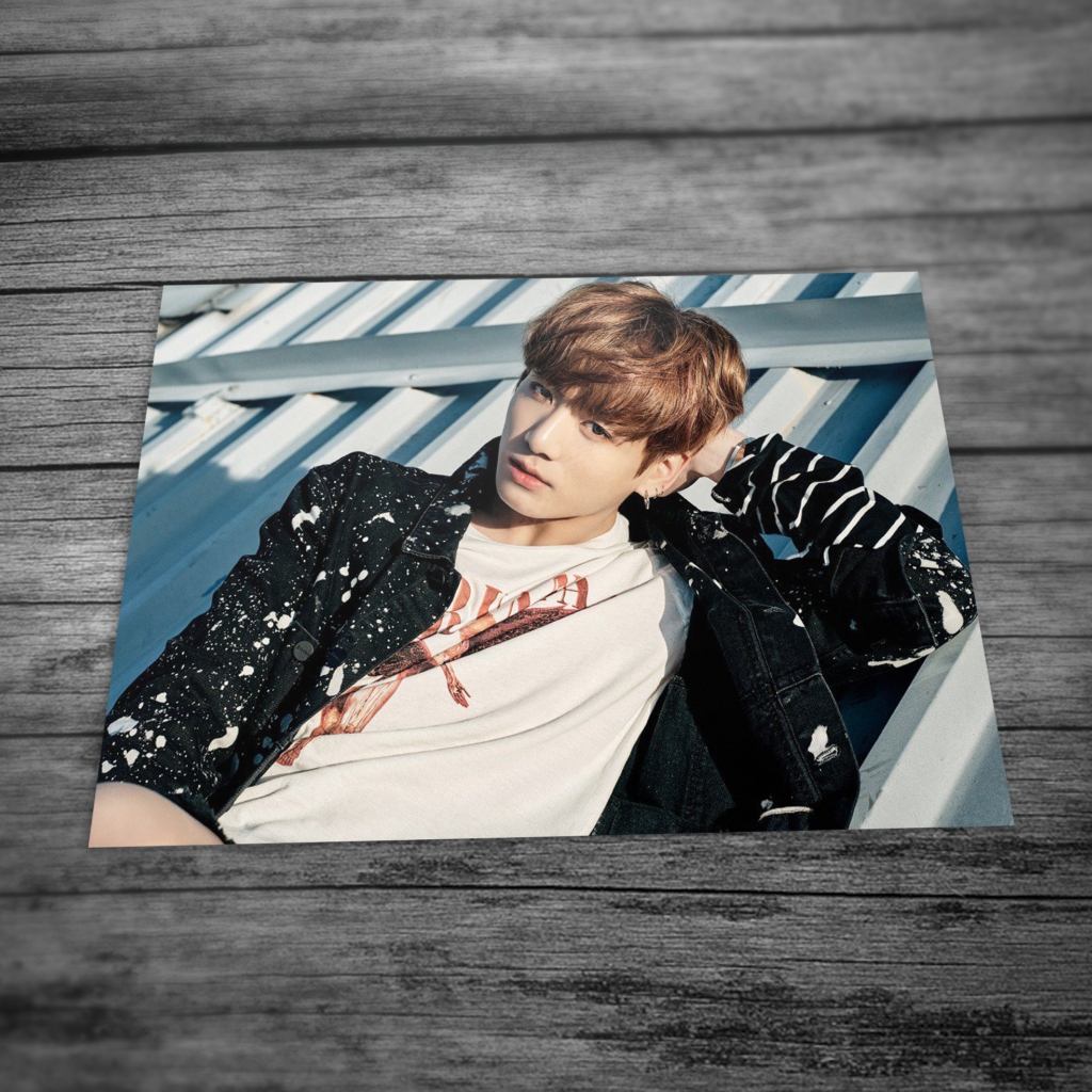 Zdjęcie z nadrukiem Jungkook z kpopowego zespołu Bangtan Boys. Wykonane na papierze fotograficznym o wymiarach 10x15cm. Do wyboru w dwóch wersjach wykończeniowych: macie lub błysku. Idealne do ozdobienia pokoju, antyramy czy jako pocztówka. Tylna strona zdjęcia nie jest zadrukowana, dlatego możesz na niej napisać ulubione teksty piosenek, motta, ozdobić rysunkiem czy napisać życzenia okolicznościowe.
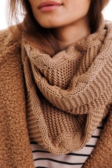 Теплый шарф нейтрального бежевого цвета окутает вас шармом и завершит образ ненавязчивым акцентом. При этом вовсе не обязательно иметь шапку такого же оттенка, что значительно упрощает подбор аксессуаров.
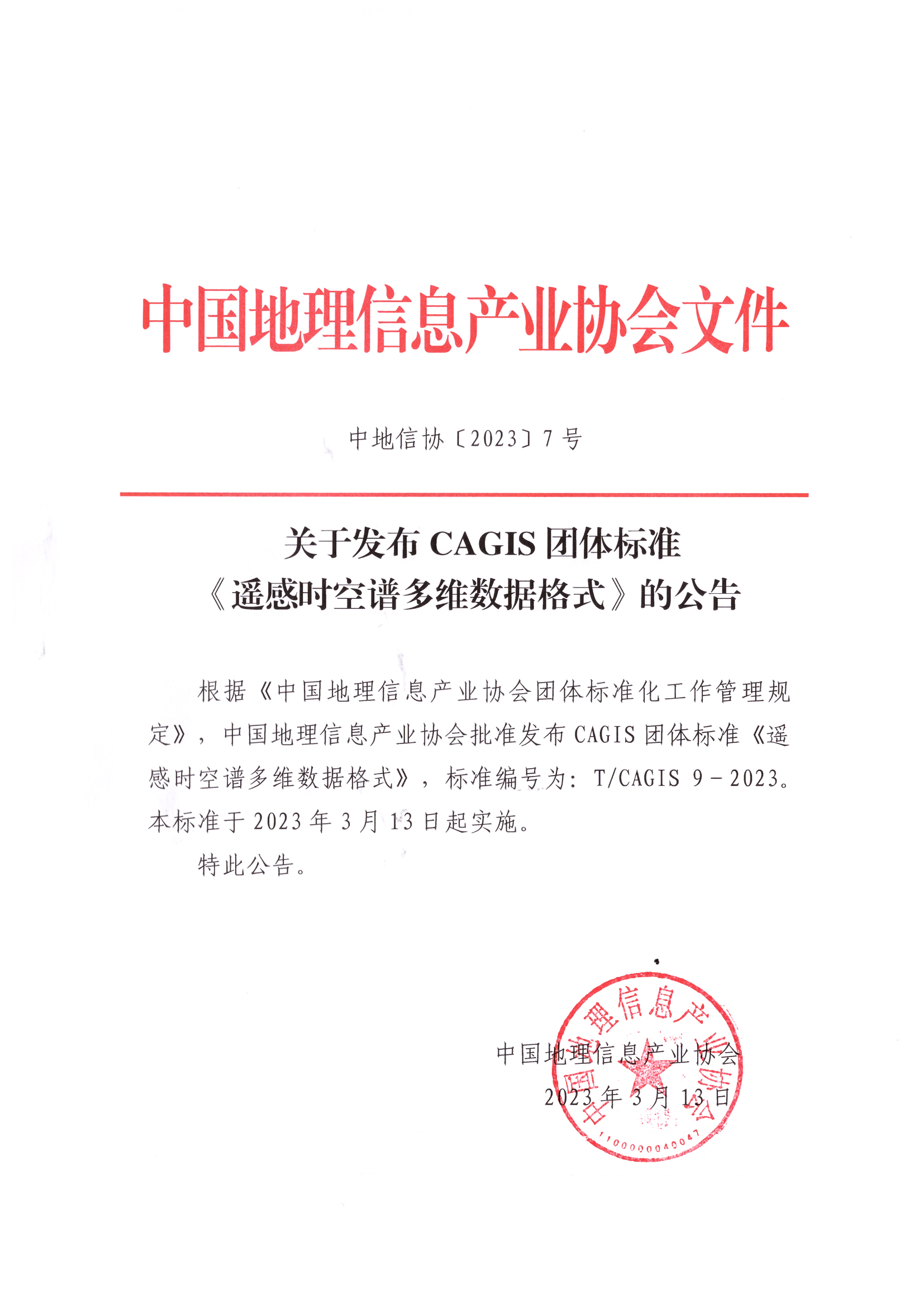 根据《中国地理信息产业协会团体标准化工作管理规定》,中国地理信息产业协会批准发布CAGIS团体标准《遥感时空谱多维数据格式》,标准编号为:T/CAGIS 9-2023。本标准于2023年3月13日起实施。

### DESCRIPTION OF THE TASK
Repeat the data above exactly, images excluded.

### ANSWER SPACE
 Zdjęcie z nadrukiem Jungkook z kpopowego zespołu Bangtan Boys. Wykonane na papierze fotograficznym o wymiarach 10x15cm. Do wyboru w dwóch wersjach wykończeniowych: macie lub błysku. Idealne do ozdobienia pokoju, antyramy czy jako pocztówka. Tylna strona zdjęcia nie jest zadrukowana, dlatego możesz na niej napisać ulubione teksty piosenek, motta, ozdobić rysunkiem czy napisać życzenia okolicznościowe.
 Теплый шарф нейтрального бежевого цвета окутает вас шармом и завершит образ ненавязчивым акцентом. При этом вовсе не обязательно иметь шапку такого же оттенка, что значительно упрощает подбор аксессуаров.
 根据《中国地理信息产业协会团体标准化工作管理规定》,中国地理信息产业协会批准发布CAGIS团体标准《遥感时空谱多维数据格式》,标准编号为:T/CAGIS 9-2023。本标准于2023年3月13日起实施。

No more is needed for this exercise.